GBDT 基础 #

什么是 GBDT？ #

GBDT（Gradient Boosting Decision Tree，梯度提升决策树）是一种集成学习算法，通过迭代训练多个决策树，每棵树学习前面所有树的残差（负梯度），最终将所有树的预测结果相加得到最终预测。

基本思想 #

text

┌─────────────────────────────────────────────────────────────┐
│                    GBDT 基本思想                             │
├─────────────────────────────────────────────────────────────┤
│                                                             │
│  初始预测 F₀(x) = argmin L(y, c)                            │
│                                                             │
│  for m = 1 to M:                                            │
│      1. 计算负梯度（残差）                                   │
│         rᵢₘ = -∂L(yᵢ, Fₘ₋₁(xᵢ)) / ∂Fₘ₋₁(xᵢ)              │
│                                                             │
│      2. 拟合残差训练新树                                     │
│         hₘ(x) = DecisionTree(rᵢₘ)                          │
│                                                             │
│      3. 更新模型                                            │
│         Fₘ(x) = Fₘ₋₁(x) + η·hₘ(x)                          │
│                                                             │
│  最终预测: Fₘ(x) = F₀(x) + Σ η·hₖ(x)                       │
│                                                             │
└─────────────────────────────────────────────────────────────┘

目标函数 #

回归问题 #

对于回归问题，常用均方误差作为损失函数：

python

import numpy as np

def mse_loss(y_true, y_pred):
    """均方误差损失函数"""
    return np.mean((y_true - y_pred) ** 2)

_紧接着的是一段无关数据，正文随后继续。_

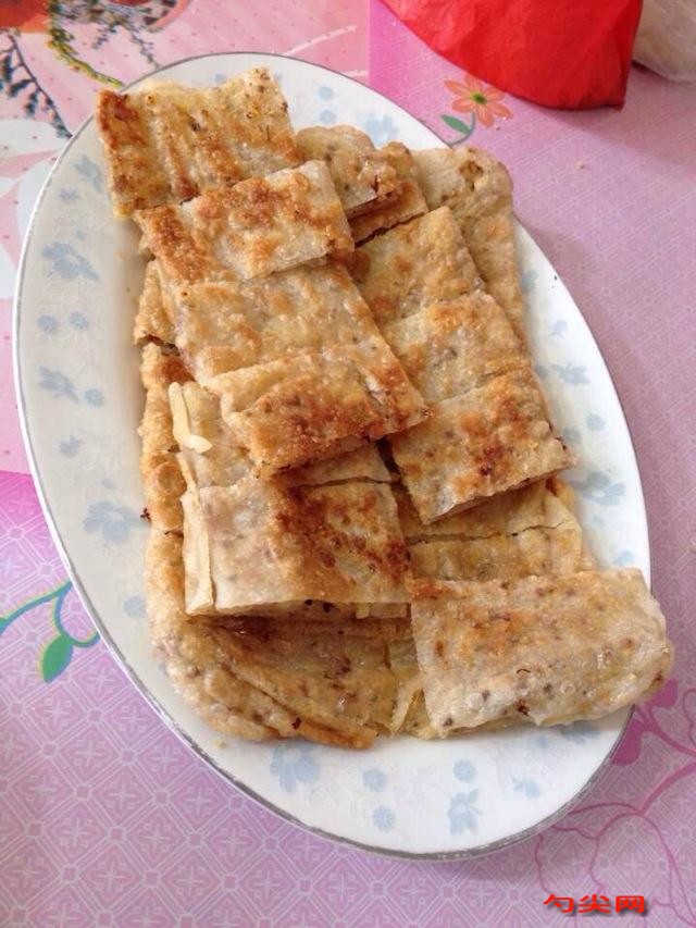 工藝:將高筋面粉、低筋面粉混合均勻,加入泡多源B,拌勻備用。取300克開水,慢慢倒入面粉中,邊倒邊攪拌,使面粉成絮狀。再加入50克溫水,揉成光滑的面團(tuán),表面刷上一層植物油,蓋上濕布醒面45分鐘。醒好的面團(tuán)分成若干小劑子,每個約50克。取一個小劑子,搟成薄片,均勻涂上植物油,撒上細(xì)鹽、五香粉和蔥花碎。將面皮從一端卷起,盤成圓形,再壓扁,用搟面杖搟成薄餅狀。平底鍋或電餅鐺預(yù)熱,刷上一層薄油,放入搟好的餅胚,小火煎至一面金黃后翻面,繼續(xù)煎至兩面金黃且餅皮酥脆即可出鍋。

def mse_gradient(y_true, y_pred):
    """均方误差的梯度（负梯度）"""
    return y_true - y_pred

y_true = np.array([1.0, 2.0, 3.0, 4.0])
y_pred = np.array([1.5, 2.5, 2.5, 4.5])

loss = mse_loss(y_true, y_pred)
gradient = mse_gradient(y_true, y_pred)

print(f"损失: {loss:.4f}")
print(f"梯度（残差）: {gradient}")

二分类问题 #

对于二分类问题，使用对数损失函数：

python

def binary_log_loss(y_true, y_pred_proba):
    """二分类对数损失"""
    epsilon = 1e-15
    y_pred_proba = np.clip(y_pred_proba, epsilon, 1 - epsilon)
    return -np.mean(y_true * np.log(y_pred_proba) + 
                   (1 - y_true) * np.log(1 - y_pred_proba))

def binary_log_loss_gradient(y_true, y_pred_proba):
    """二分类对数损失的梯度"""
    return y_true - y_pred_proba

y_true = np.array([0, 1, 1, 0])
y_pred_proba = np.array([0.2, 0.8, 0.6, 0.3])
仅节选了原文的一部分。